# `join`

## Description

The `join` command merges the current (left) query with the results of a second (right) query. Conceptually, it forms a Cartesian product of left and right rows, then applies join logic based on a condition (`on`) or matching keypaths (`using`) and writes the matching right-side row into a destination keypath (`into`).

**Join types**

- **left** (default): Keep all left rows; attach matching right rows or `null` when no match.
- **inner**: Keep only rows that match on both sides.
- **full**: Keep all rows from both sides; non-matching fields are `null`.
- **cross**: Return the full Cartesian product; no `on`/`using` supported.

**Addressing fields**

- Use `left=>` and `right=>` prefixes inside `on` to disambiguate fields with the same name; omit when a keypath exists only on one side.

**Behavior & caveats**

- Conditions support **equality (`==`)** on keypaths; chain multiple with `&&`.
- One side must be relatively small (< 200MB); reduce size with `filter` or `remove`.
- In left joins, nulls in the join keys prevent matches; use `join full` to include unmatched keys from either side.
- Joins can duplicate rows if multiple matches exist; consider preprocessing (e.g., `distinct`) to avoid unintended multiplicity.

## Syntax

```dataprime
<left_side_query> | join [left/inner/full] (<right_side_query>) on <condition> into <right_side_target>

<left_side_query> | join [left/inner/full] (<right_side_query>) using <join_keypath_1> [, <join_keypath_2>, ...] into <right_side_target>

<left_side_query> | join cross (<right_side_query>) into <right_side_target>
```

## Example

**Use case: Attach login counts to user records (left join by default)**

We have a `users` enrichment table and a set of login events.

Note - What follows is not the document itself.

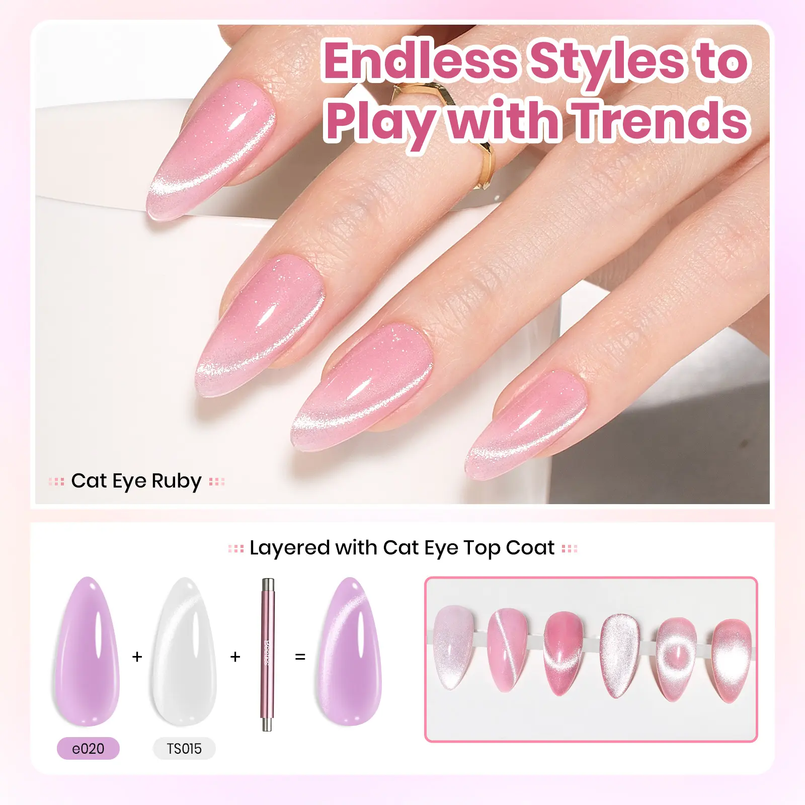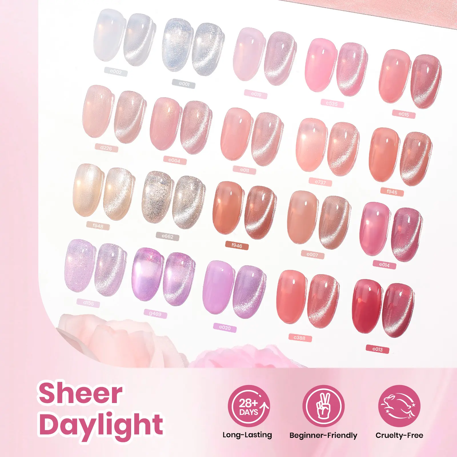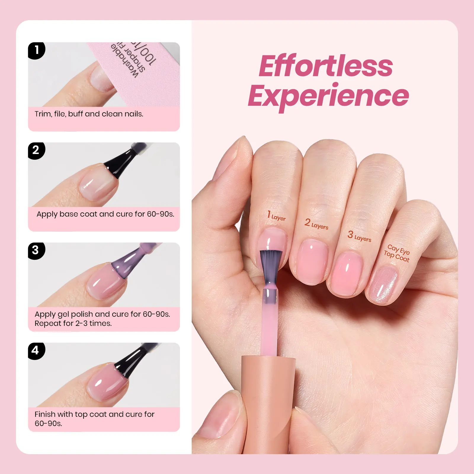 ·Sheer Jelly & Cat Eye Gel Styles: Apply multiple thin layers to gradually build color from a clear, translucent finish to a rich, solid opaque look. One, two, or three coats each create a unique effect, allowing endless customization for every mood and occasion. For even more creative options, layer our cat eye top coat over jelly gel polish to achieve stunning cat eye effects, adding dynamic light reflections for eye-catching, salon-style nail designs at home.

We want each user row to include the number of logins associated with that user. If a user has no logins, the joined field should be `null` (left-join semantics).

### Example data

```json
{
  "users": [
    { "id": "111", "name": "John" },
    { "id": "222", "name": "Emily" },
    { "id": "333", "name": "Alice" }
  ],
  "logs": [
    { "userid": "111", "timestamp": "2022-01-01T12:00:00Z" },
    { "userid": "111", "timestamp": "2022-01-01T12:30:00Z" },
    { "userid": "222", "timestamp": "2022-01-01T13:00:00Z" },
    { "userid": "222", "timestamp": "2022-01-01T13:00:00Z" },
    { "userid": "222", "timestamp": "2022-01-01T13:00:00Z" }
  ]
}
```

### Example query

```dataprime
source users | join (source logs | countby userid) on id == userid into logins
```

### Example output

```json
{ "id": "111", "name": "John",  "logins": { "userid": "111", "_count": 2 } },
{ "id": "222", "name": "Emily", "logins": { "userid": "222", "_count": 3 } },
{ "id": "333", "name": "Alice", "logins": null }
```

The `join` attaches a single aggregated row per user into `logins`. Users without matching events (e.g., `"333"`) retain their left-side fields with the joined target set to `null`.